Les opérations de montée progressive au capital font apparaitre des problématiques spécifiques en lien avec la maîtrise du temps ; problématiques le plus souvent appréhendées par l’intermédiaire d’un pacte d’associés et de promesses.
Par Benoît Gomel, avocat en corporate/fusions & acquisitions. Il intervient dans le cadre d’opérations de fusion-acquisition de sociétés, de capital-investissement, de restructurations et de private equity. benoit.gomel@cms-fl.com et Julien Delvallée, of counsel au sein de la doctrine juridique, docteur en droit et maître de conférences à l’Université Paris-Sud (Paris-Saclay). Il intervient en droit des sociétés, droit commercial et droit des obligations. julien.delvallee@cms-fl.com
Il arrive que la cession d’une société se fasse en plusieurs étapes. Le premier enjeu de ces montées progressives au capital est celui de la sécurisation de l’opération. A ce titre, la pratique procède souvent via des promesses croisées d’achat et de vente entre les parties. Le mécanisme de la vente à terme peut aussi être utilisé, mais l’est moins souvent pour des motifs d’ordre fiscal.
Conduisant par nature à une coexistence des vendeur et acquéreur au sein de la cible, le laps de temps séparant la première cession du débouclage de l’opération constitue le second enjeu, lequel nécessite un encadrement «sur-mesure», par un pacte d’associés.

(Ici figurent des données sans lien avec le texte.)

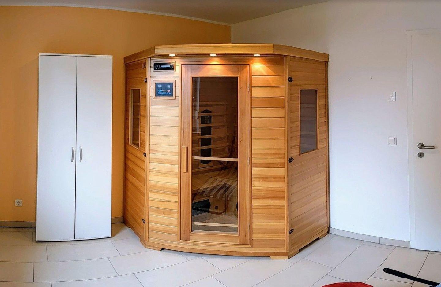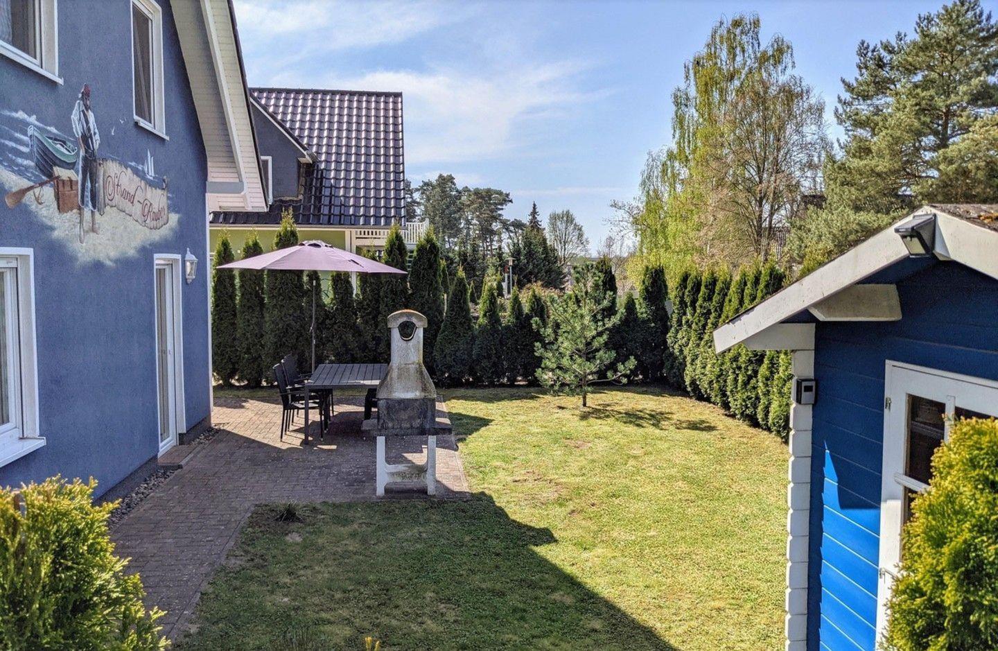 Im Erdgeschoss erwartet Sie ein großzügiger Wohn- und Essbereich mit einer voll ausgestatteten Küche, die keine Wünsche offen lässt. Hier können Sie gemeinsam kochen, essen und entspannen. Die gemütliche Sofaecke am Holzkamin sorgt an kühlen Tage für eine warme Atmosphäre. Für besondere Wellnessmomente steht Ihnen im Erdgeschoss eine Infrarotkabine zur Verfügung. Außerdem befindet sich hier ein Gäste-WC mit Dusche. Im Obergeschoss finden Sie drei helle, großzügige Schlafzimmer. Jedes mit einem Doppelbett und einem geräumigen Kleiderschrank ausgestattet. Eines der Zimmer verfügt zusätzlich über einen Fernseher. Das große Badezimmer bietet sowohl eine Badewanne als auch eine Dusche, sodass Sie hier entspannen können. Waschmaschine und Wäscheständer stehen im HWR für Sie bereit. Der Außenbereich ist ebenso durchdacht und lädt mit einer möblierten Terrasse, Garten, Sonnenliegen, Sonnenschirm, sowie einem Gartenhaus, zum Verweilen im Freien ein. Gartenmöbel und ein Kohlegrill bieten Gelegenheit für entspannte Grillabende in privater Atmosphäre. Zwei private Parkplätze vor Ort stehen für Ihre Fahrzeuge zur Verfügung.

Le nécessaire encadrement des modalités de transfert des titres
D’abord, les problématiques d’encadrement des transferts de titres sont usuellement traitées par le recours à une inaliénabilité suffisamment longue pour couvrir la période de levée des promesses. Cependant, il existe un risque, certes marginal mais qui doit être intégré, qu’aucune des parties ne lève la promesse dont elle bénéficie. La persistance de la coexistence des parties dans le temps doit donc être traitée, ce qui conduit à se poser les questions usuelles d’une opération d’investissement au sein d’une société et, partant, à négocier un pacte d’associés complet avec la panoplie de droits et restrictions sur les transferts de titres qui l’accompagne.
L’opportunité de l’organisation de la gouvernance
Ensuite, c’est la gouvernance de la cible qui suppose l’adoption de modalités spécifiques. Pour l’essentiel, elles seront fonction de l’équilibre des participations et des qualités respectives des parties et, en particulier, de ce que l’acquéreur sera d’ores et déjà majoritaire ou non, ou encore de ce que le vendeur aura ou non la qualité de dirigeant de la cible. Dans ce dernier cas, une difficulté courante consistera à déterminer les conséquences d’une dégradation de la situation des parties sur la mise en œuvre des promesses.
La pratique recourt souvent à un organe collégial dans lequel les parties disposent de prérogatives leur permettant de soumettre un certain nombre de décisions à l’accord préalable de tout ou partie des associés. Cette problématique appellera une vigilance forte sur les sujets de contrôle conjoint, en lien notamment avec un éventuel contrôle des concentrations. La gouvernance pourra, par ailleurs, être un moyen d’essayer de régler un certain nombre d’inquiétudes des parties concernant la valeur à terme de la société, notamment lorsque le vendeur n’a pas la qualité de dirigeant pendant la durée des promesses.
L’épineux problème des garanties
L’exposé ne serait pas complet sans évoquer la question des garanties d’actif et de passif. Déjà complexe dans le cadre d’une cession ponctuelle de participation ou de contrôle, la problématique est ici décuplée par l’écoulement du temps et les phases successives d’acquisition des titres. En effet, envisager des garanties consenties à terme par un vendeur soulève un certain nombre de difficultés propres, susceptibles de compliquer encore davantage la situation.
L’intégration éventuelle des franchissements de seuils
Enfin, si l’opération intervient dans un environnement coté, les parties ne peuvent pas faire l’impasse sur la problématique des franchissements de seuils. Le risque d’un «excès de vitesse» et l’organisation, à chaque phase de la montée, de l’exécution des obligations déclaratives qui sont les leurs (à la hausse comme à la baisse), devront être intégrés, sans omettre la délicate question de l’action de concert.